▶ [INPUT DATA]
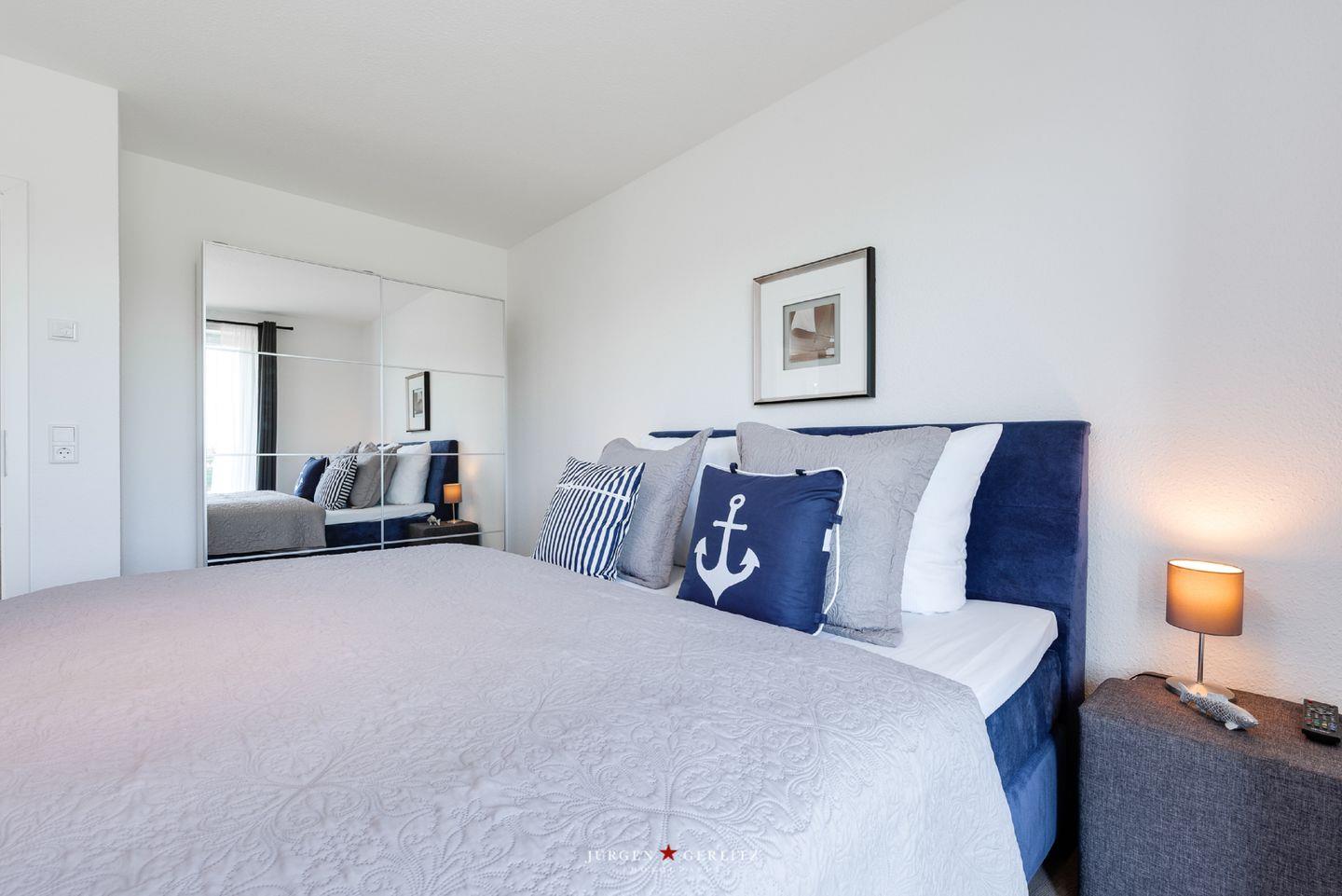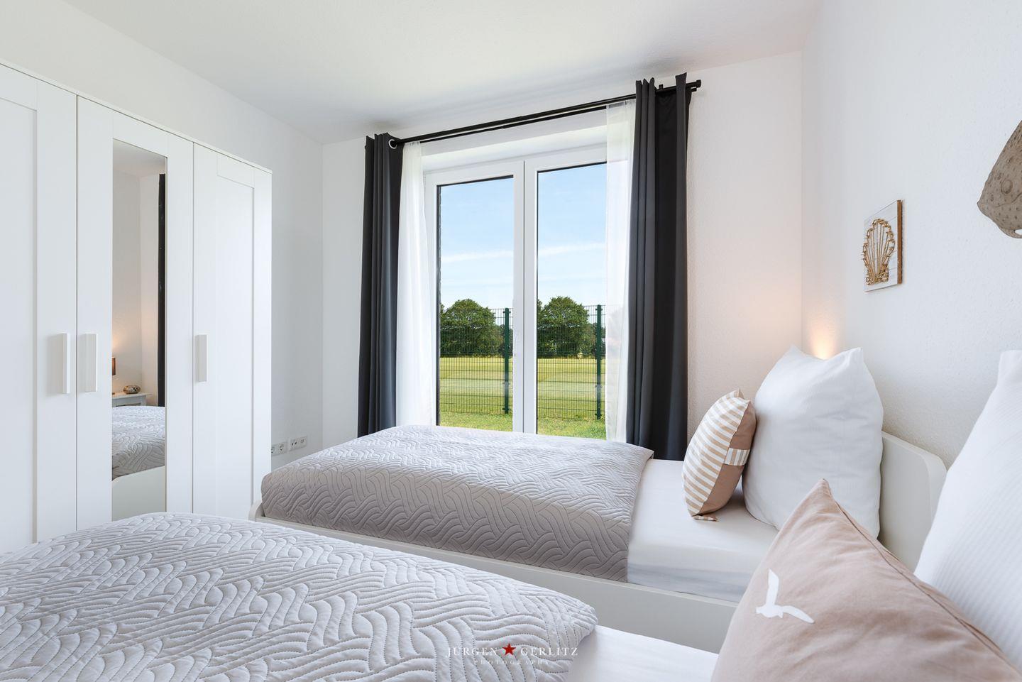 Die bodentiefen Fenster in Wohn- und Schlafbereichen spenden viel Sonnenlicht. Die vollausgestattete Küche mit Essplatz ist zum Wohnbereich hin offen. Die Terrasse mit Garten bietet Ihnen einen Grill und ist möbliert. Das 1. Schlafzimmer verfügt über ein Boxspring-Doppelbett, das 2. Schlafzimmer verfügt über 2 Einzelbetten. Das Badezimmer ist einer ebenerdigen Dusche ausgestattet. Darüber hinaus steht Ihnen ein Gäste-WC zur Verfügung.
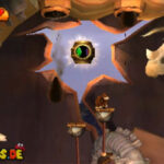 Nach dem zweiten Tutorial-Schwein findest du bei den drehenden Plattform oben links eine verdächtige Stelle. Spring dorthin und hol dir das Puzzleteil. - Puzzleteil 7
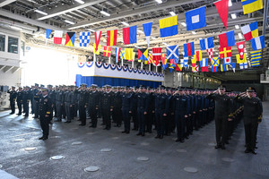 미국 해군 7함대 소속 핵추진 항공모함 '조지 워싱턴함(CVN-73)'을 포함한 제5항모강습단이 5일 오전 부산 남구 해군작전사령부 부산작전기지에 입항했다.니미츠급(10만t급)인 조지 워싱턴함은 길이 333m, 폭 76.8m, 비행갑판 면적은 축구장 3배 규모이며, 승조원은 6000여 명이다.이 항모는 최신예 스텔스 전투기 F-35C와 슈퍼호넷 전투기(F/A-18), 호크아이 조기경보기(E-2C), 해상작전헬기 등 항공기 80여 대를 탑재히고 있어 '떠다니는 군사기지'로 불린다.2008~2015년 일본 요코스카에 배치됐었던 조지 워

▶ [ASSIGNMENT]
Hand back the data exactly as it appears, with all pictures cut.

▶ [TASK RESPONSE]
 Die bodentiefen Fenster in Wohn- und Schlafbereichen spenden viel Sonnenlicht. Die vollausgestattete Küche mit Essplatz ist zum Wohnbereich hin offen. Die Terrasse mit Garten bietet Ihnen einen Grill und ist möbliert. Das 1. Schlafzimmer verfügt über ein Boxspring-Doppelbett, das 2. Schlafzimmer verfügt über 2 Einzelbetten. Das Badezimmer ist einer ebenerdigen Dusche ausgestattet. Darüber hinaus steht Ihnen ein Gäste-WC zur Verfügung.
 Nach dem zweiten Tutorial-Schwein findest du bei den drehenden Plattform oben links eine verdächtige Stelle. Spring dorthin und hol dir das Puzzleteil. - Puzzleteil 7
 미국 해군 7함대 소속 핵추진 항공모함 '조지 워싱턴함(CVN-73)'을 포함한 제5항모강습단이 5일 오전 부산 남구 해군작전사령부 부산작전기지에 입항했다.니미츠급(10만t급)인 조지 워싱턴함은 길이 333m, 폭 76.8m, 비행갑판 면적은 축구장 3배 규모이며, 승조원은 6000여 명이다.이 항모는 최신예 스텔스 전투기 F-35C와 슈퍼호넷 전투기(F/A-18), 호크아이 조기경보기(E-2C), 해상작전헬기 등 항공기 80여 대를 탑재히고 있어 '떠다니는 군사기지'로 불린다.2008~2015년 일본 요코스카에 배치됐었던 조지 워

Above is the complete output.